CompoundDb
CompoundDb copied to clipboard
License issues
From @stanstrup on October 19, 2017 9:1
- Which databases can I include data from?
- If there are ones I cannot they will need to be download and table generated by the user. Is there such a thing as "in-package cache"?
- Which license can the package have if it includes db data?
- Is license a concern at all? As far as I know data cannot be copyrighted so is there any concern at all?
MONA (lipidblast) is CC BY 4.0. So should be OK? http://mona.fiehnlab.ucdavis.edu/documentation/license- I cannot find what license lipidmaps have.
- Seems hmdb require explicit permission to include http://www.hmdb.ca/downloads
The info I extract is: id, name, inchi, formula, and mass..
For the moment I force-removed the files until this is settled.
Copied from original issue: stanstrup/PeakABro#1
From @egonw on October 19, 2017 13:31
I don't think LipidMaps is Open Data. Wikidata is, PubChem is.
From @chasemc on October 19, 2017 22:45
"LMSD lipid structures are deposited into PubChem database (http://pubchem.ncbi.nlm.nih.gov/) periodically and a link to PubChem substance ID (SID) is also maintained within LMSD. Access to complete set of LMSD lipid structures in PubChem is available at www.ncbi.nlm.nih.gov/entrez/query.fcgi?CMD=search&DB=pcsubstance&term=LipidMAPS[sourcename])."
@chasemc thanks! That is very useful info. So I might be able to get around that one by just including PubChem and leave the indicator to lipidmaps so that you can eventually filter for the lipidmaps compounds.
@chasemc It seems the source is only in the SID entries. Not the CIDs.
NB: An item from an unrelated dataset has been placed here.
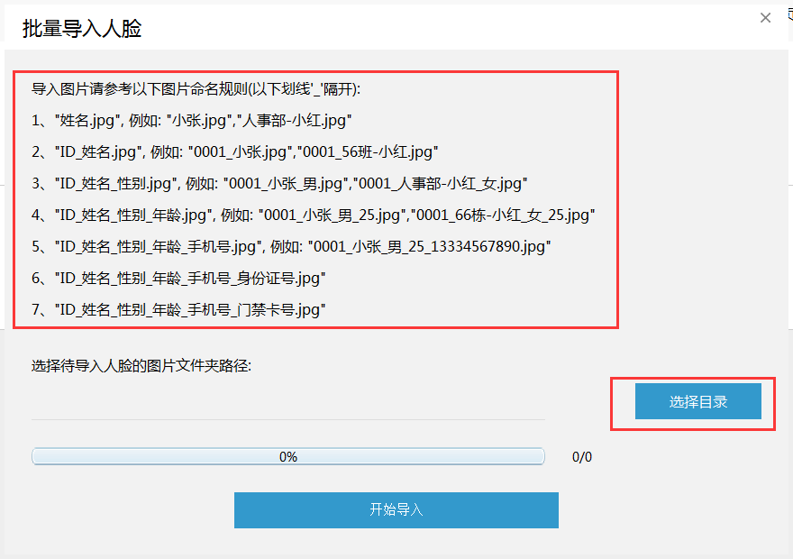 點擊【批量導入】,彈出界面è點擊【選擇目錄】,選擇人臉圖片文件夾è點擊【開始導入】,導入進度條完成即完成批量導入人臉操作。
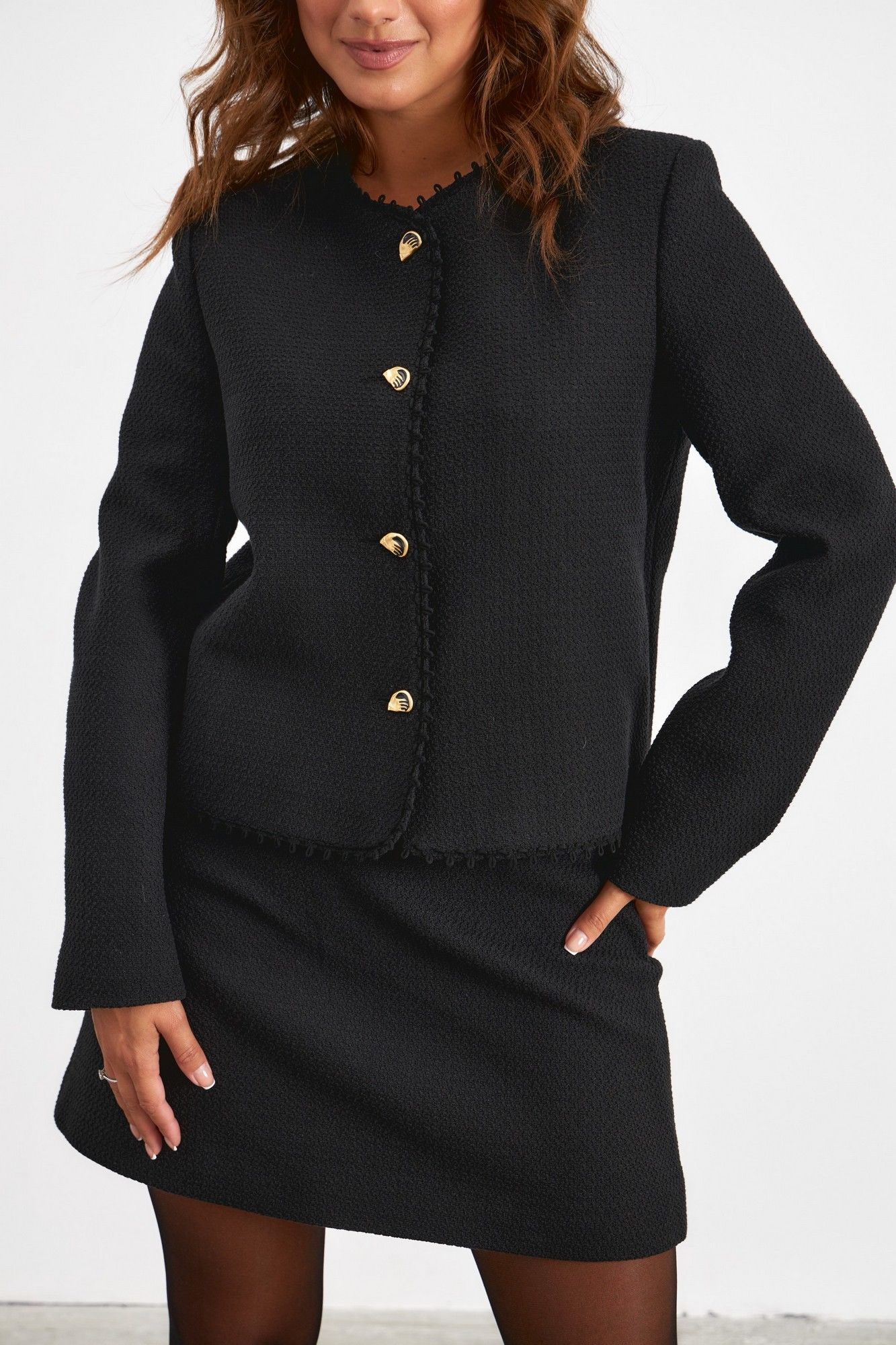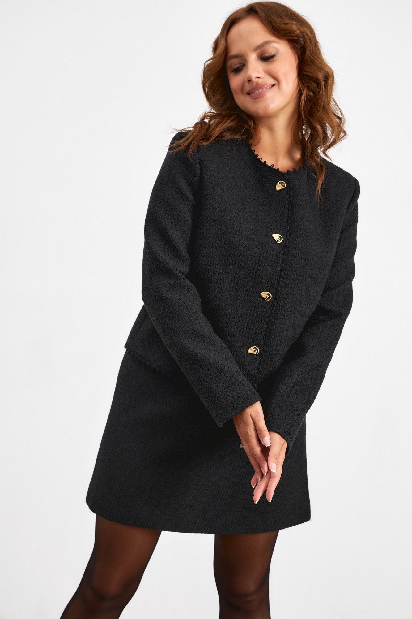 Комплект из жакета и юбки, выполнен из фактурной ткани. Жакет прямого кроя, выполнен из фактурной ткани в черном цвете. По переду застежка на стильные дизайнерские пуговицы. Рукав втачной. Юбка А-образного силуэта, выполнена из фактурной ткани, черного цвета, юбка с потайной молнией.

However the lipidmaps ids have been added as a name so it is possible to filter by those prefixes.
From @egonw on October 22, 2017 9:20
@chasemc also note that PubChem is not formally Open Data: it mixes their own public domain data with copyrighted upstream material. Legally, this is quite hard to untangle.
Generally, just contact LipidMaps and ask if it is OK to index their structures in the table as you want to do, and if you are allowed to make that available under terms compatible with the license of the R package.
For LipidMaps, a subset of about 1400 lipids is available under CCZero from Wikidata: http://tinyurl.com/ycbm9gfq
Thanks! I already contacted LipidMaps. Waiting for an answer.
@egonw what do you mean by upstream material? All the calculated properties? Si if I only use basic info as name and inchi it should be ok?